In 2022 we witnessed Russia’s invasion of the Ukraine, taking thousands of lives and creating a tragic humanitarian crisis.  One symbol of both heritage and human loss was the airstrike upon the historic Donetsk Academic Regional Drama Theatre in Mariupol, a cultural landmark where hundreds of people had been sheltering as a result of the city's siege.  The theatre strike serves as painful testimony to the cost of war and the painfully permanent scale of destruction to the Ukrainian port city and ints inhabitants, as Russia's primary target in Ukraine's southeastern region of Donbas.  

Evidence collected by the AP estimates that as many as 600 civilians may have died as a result of the theatre's March 16th double airstrike, which placed this cultural institution directly in the crosshairs of the conflict.  This despite the centre's obvious civilian character and the fact that the displaced individuals who sought refuge there had plainly marked the pavement, in front of each entrance to the structure, with the word дети (children), written in Cyrillic and could be seen cooking daily meals outside.  

Five days later and just a few blocks away, Russia's bombardment also heavily damaged the Kuindzhi Art Museum, dedicated to the life and work of local realist painter Arkhip Kuindzhi.  Kuindzhi’s works were not in the museum at that time,  however, the fate of other artworks in the museum remains difficult to ascertain. 

It total UNESCO has documented 64 damaged or destroyed sites of historical and/or artistic interest in the Donetsk Region alone

Elsewhere in the Ukraine, some 400 kilometres away, artworks from the Kherson Fine Arts Museum's collection were stolen between October 30 and November 3 just prior to Russia's forced withdrawal from the city.
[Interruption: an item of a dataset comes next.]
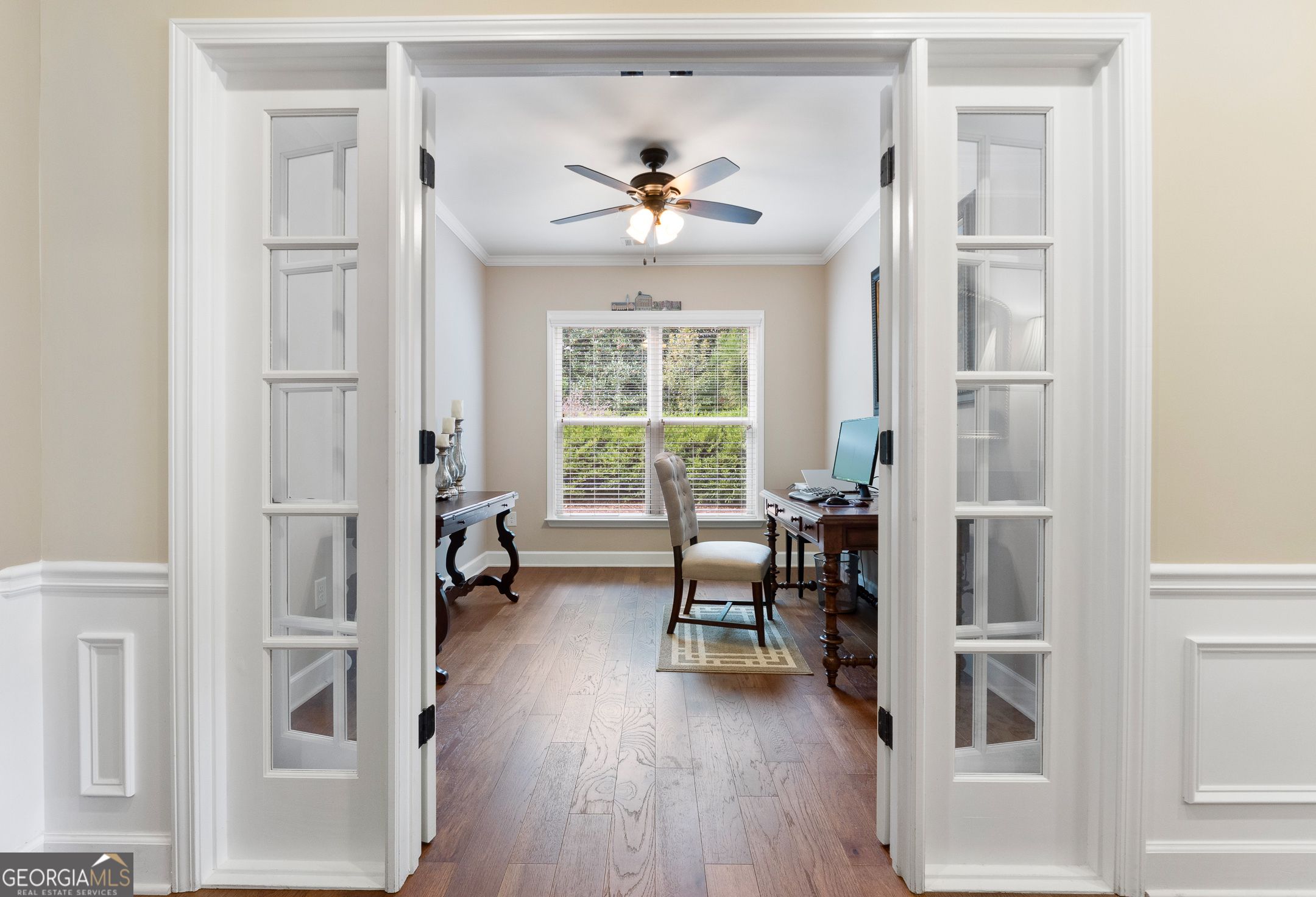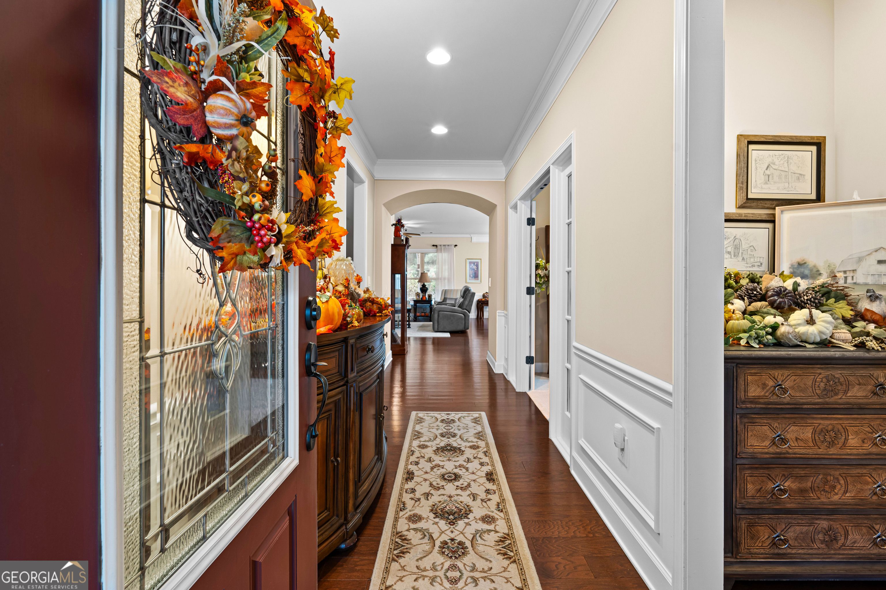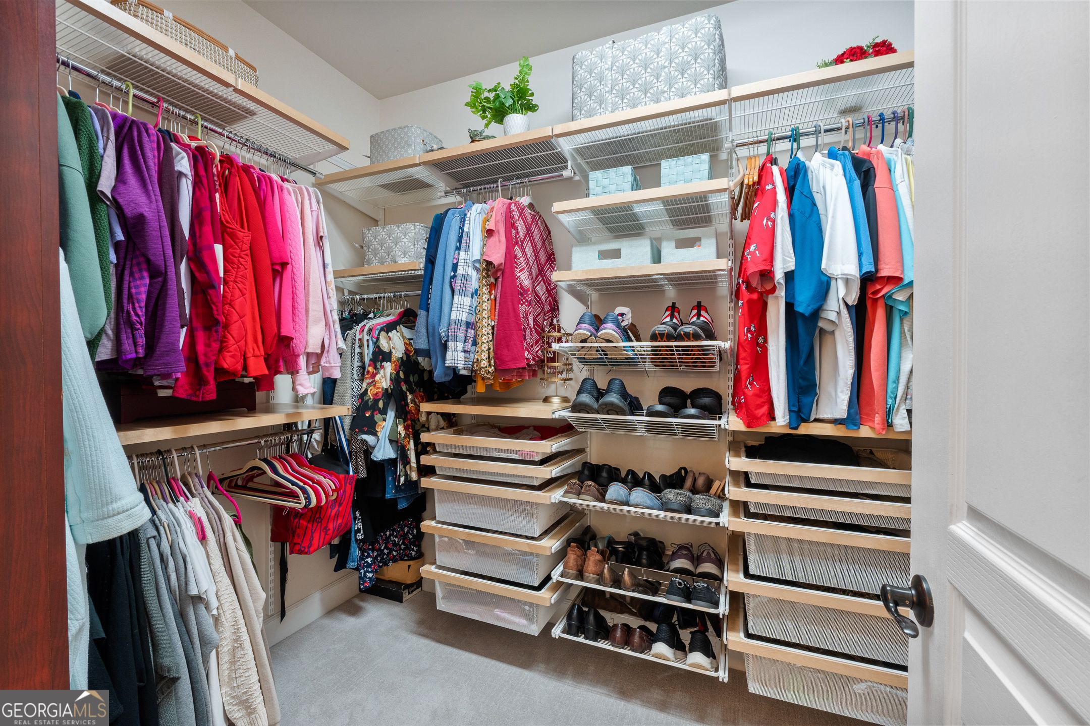Welcome home to elegance in this 3 bedroom, 3 bathroom Abbeyville plan. This home sits beautifully on one of the most desired and meticulously landscaped lots in the neighborhood. The inviting front porch is detailed with polished concrete-stone and beadboard ceilings, leading inside to a charming foyer and into the open family room and chef's kitchen with leathered granite and brand-new hardwood flooring throughout. Custom-built out closets and pantry make storage plentiful. Floor to ceiling tile in the primary bathroom with amazing closet with custom storage. Loft area with bedroom and full bathroom is perfect for guests or in-laws. The screened-in sunroom looks out to the lush, oversized backyard, which feels like your own private oasis. The garage is complete with a screened garage door and walk-up stairs to extra loft storage with flooring and shelving. This home has been exceptionally well-maintained and is located in the premier Sun City Peachtree, a 24-hour guard-gated community where active adults embrace a refined, amenity-rich lifestyle and enjoy endless opportunities for leisure and connection.

Photos shared later on Facebook showed dozens of paintings from the plundered museum stacked along a wall inside the  Tsentral'nyy Muzey Tavridy, the Crimean history museum in Simferopol, Crimea. 

As of December 23rd, throughout Ukraine, again according to UNESCO, the agency has verified damage at 102 religious sites, 18 museums, 81 buildings of historical and/or artistic interest, 19 monuments, and 11 libraries.

Outside Ukraine, two themes for 2022 are museums, and those in charge of them, behaving badly, and crime doesn't pay. 

In the US, investigators from the New York District Attorney's Office in Manhattan, issued three separate search warrants on the Metropolitan Museum of Art which resulted in the seizure and return of 27 antiquities to their countries of origin—21 to Italy and 6 to Egypt.  

On the West Coast, the J. Paul Getty Museum in Los Angeles saw its hand forced by the same East Coast prosecutor, following an ongoing criminal investigation by DANY.  That investigation resulted in the California museum relinquishing, post-seizure, its looted group of life-size terracotta figures known as Orpheus and the Sirens back to Italy. 

Things were no quieter for museums over in Europe and the Middle East, where over the summer, France saw its former director of the Musée du Louvre, Jean-Luc Martinez and archaeologist-curator Jean-Francois Charnier formally charged for “complicity“ in having facilitated $50 million in acquisitions of illicit material by the Louvre Abu Dhabi, connected to investigations of suspect antiquities dealers Roben Dib (currently in French custody) and Germany-based dealer Serop Simonian.

As legal investigations usually take several years to unfold in France, Martinez and Charnier have been released under judicial supervision while a ruling of the examining chamber is expected in the new year, which some say, may see these preliminary charges dropped.

Dealers who behaved badly include Inigo Philbrick who received an 84 month prison sentence in May in connection with a multi-year scheme to defraud various collectors and business entities in order to finance his art business.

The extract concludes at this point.